Dziś, jak to zaznaczył w swojej refleksji Ksiądz Arcybiskup
już wiemy, jak przeżyliśmy dzień 14 grudnia. To niewątpliwie dzień
szczególny, którego nie przeżywali ludzie przed nami i pewnie wielu
po nas. Oto Namiestnik Chrystusa na ziemi ogłasza w Kościele powszechnym
dzień postu i modlitwy. To apel nie do przecenienia i trudny do doraźnego
zrozumienia. Były ogłaszane posty, nabożeństwa przebłagalne, ekspiacyjne.
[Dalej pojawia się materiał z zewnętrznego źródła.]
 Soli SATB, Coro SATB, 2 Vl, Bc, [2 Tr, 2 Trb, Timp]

Dotyczyły one jednak parafii, dzielnic czy czasem poszczególnych
krajów, w których szalała epidemia, zdarzały się wielkie profanacje.
Nigdy jednak nie ogłaszano takiej szczególnej krucjaty w całym Kościele.
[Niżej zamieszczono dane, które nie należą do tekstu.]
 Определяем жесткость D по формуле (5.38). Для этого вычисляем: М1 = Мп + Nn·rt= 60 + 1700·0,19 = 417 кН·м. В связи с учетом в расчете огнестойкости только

Kiedyś, po kolejnej wizycie Ojca Świętego w szpitalu,
głośno opowiadano o pewnej scenie, wydarzeniu. Nie jest to oczywiście
pewnik, może tylko niesprawdzona informacja, ale bardzo obrazowa
i przejmująca. Podobno Ojciec Święty często leżał krzyżem w swojej
kaplicy. Odkrył tę tajemnicę Jana Pawła II jego osobisty sekretarz
i zwrócił uwagę, że to szkodzi zdrowiu Ojca Świętego. Wtedy podobno
miał usłyszeć takie słowa: Gdybyś ty wiedział to, co ja wiem, leżałbyś
krzyżem całymi dniami. Jak zaznaczyłem, to obiegowa wieść. Niemniej
bez obawy błędu można powiedzieć, że Jan Paweł II wie wiele i skoro
poprosił o taki post, to był to akt znamienny.
W dniu postu postanowiłem sprawdzić, jak realizuje się
on we wspólnocie miasta biskupiego nad Sanem.
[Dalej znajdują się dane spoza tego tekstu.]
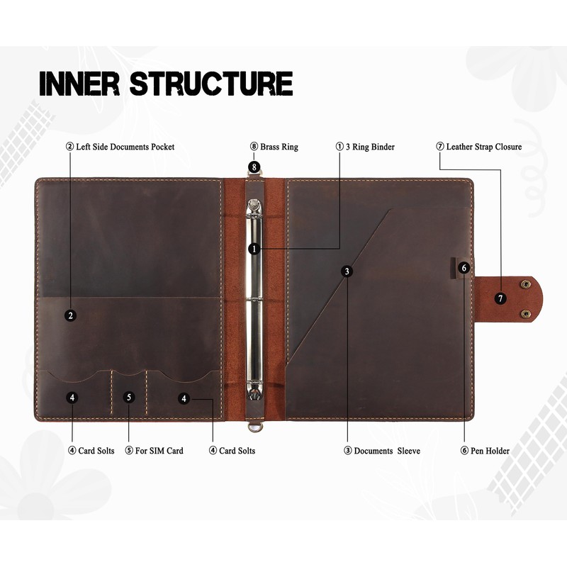 - Crafted from premium full-grain leather, this multipurpose music sheet folder is perfect for musicians and professionals. Featuring two spacious A4 pockets for sheet music storage or documents, plus card slots and a SIM card slot for added convenience

Najpierw wzruszająca informacja od dzieci z przedszkola
i pierwszej klasy. Rozpromienione przyszły do domu i poinformowały
babcię, całe dumne, że dzisiaj (w dniu postu) nie jadły cukierków.
Na stół wysypały się owe "wyposzczone" cukierki. Doraźną nagrodą
było wzruszenie babci i łzy uradowanej cioci. Tak dzieci. Wieczorem
postanowiłem zobaczyć, jak na apel Papieża odpowiedzieli dorośli.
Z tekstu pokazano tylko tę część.